Caulastraea furcata, also known as the candy cane, trumpet, or bullseye coral, is a species of large stony coral in the family Merulinidae.

==Description==
Caulastraea furcata skeletal structure consist of tubular stalks with stars on each tip. As in other colony-forming corals, colonies of C. furcata are made up of several large polyps. Each polyp bears relatively short tentacles that direct food into its central mouth. The food is then digested in a sac-like body cavity. This species is often green, yellow, or greenish brown.

==Distribution and habitat==
Caulastraea furcata can be found in the Indo-Pacific from Fiji to Australia and possibly further west toward Thailand.

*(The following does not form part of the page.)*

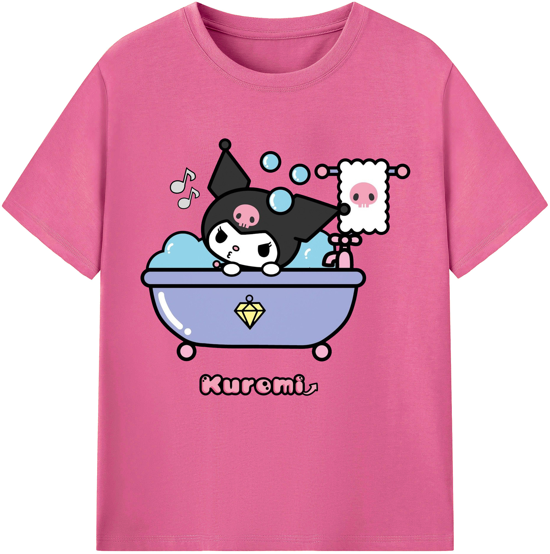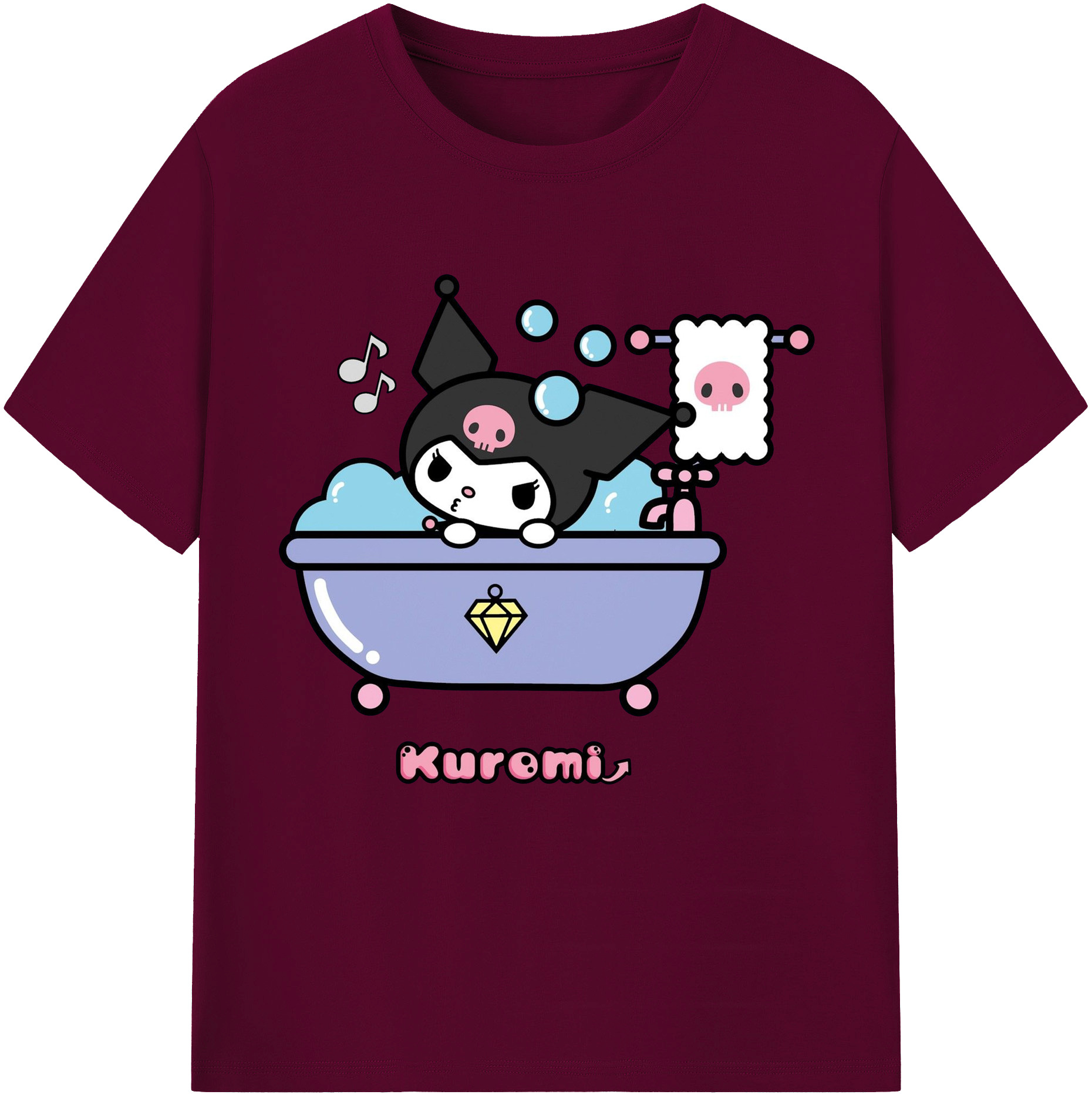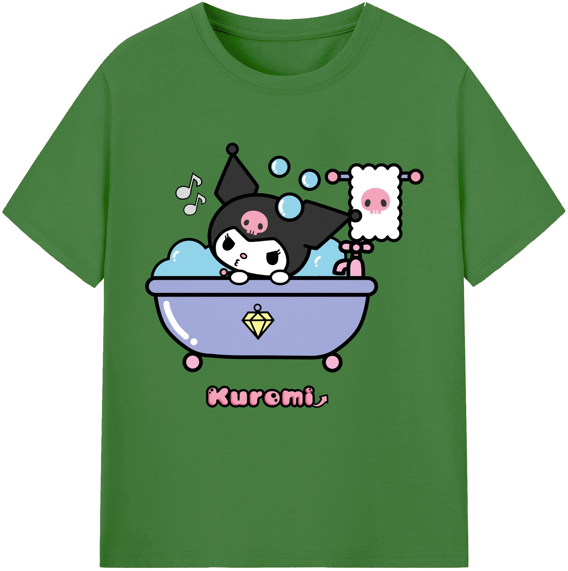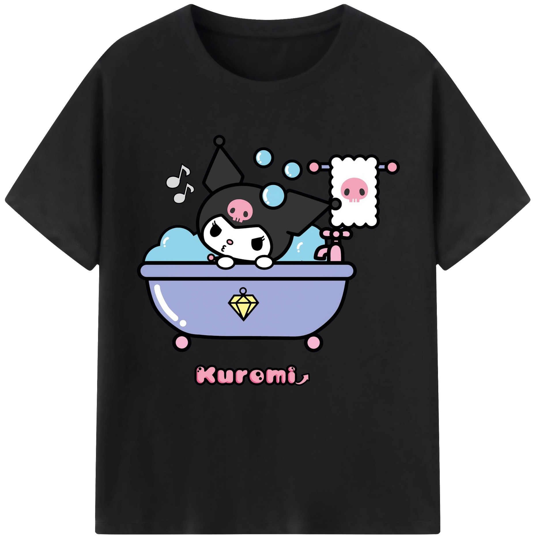 かわいいクロミ - レディースカジュアルプリントTシャツ ・ 綿100% ・ クルーネック ・ フロントプリント ・ 柔らかく快適 ・ フィットネス カジュアル 旅行用

This species is usually found in protected reef slopes where the substrate is partly sandy, where it will form extensive single species stands, sometimes over five metres across. It has been recorded to depths of at least 30 metres, and may also be found in lagoons.

==Ecology==
Caulastraea furcata usually obtains most of its nutrient requirements from the photosynthesis of the single-celled algae called zooxanthellae living in its tissue. However, this coral will also feed on zooplankton.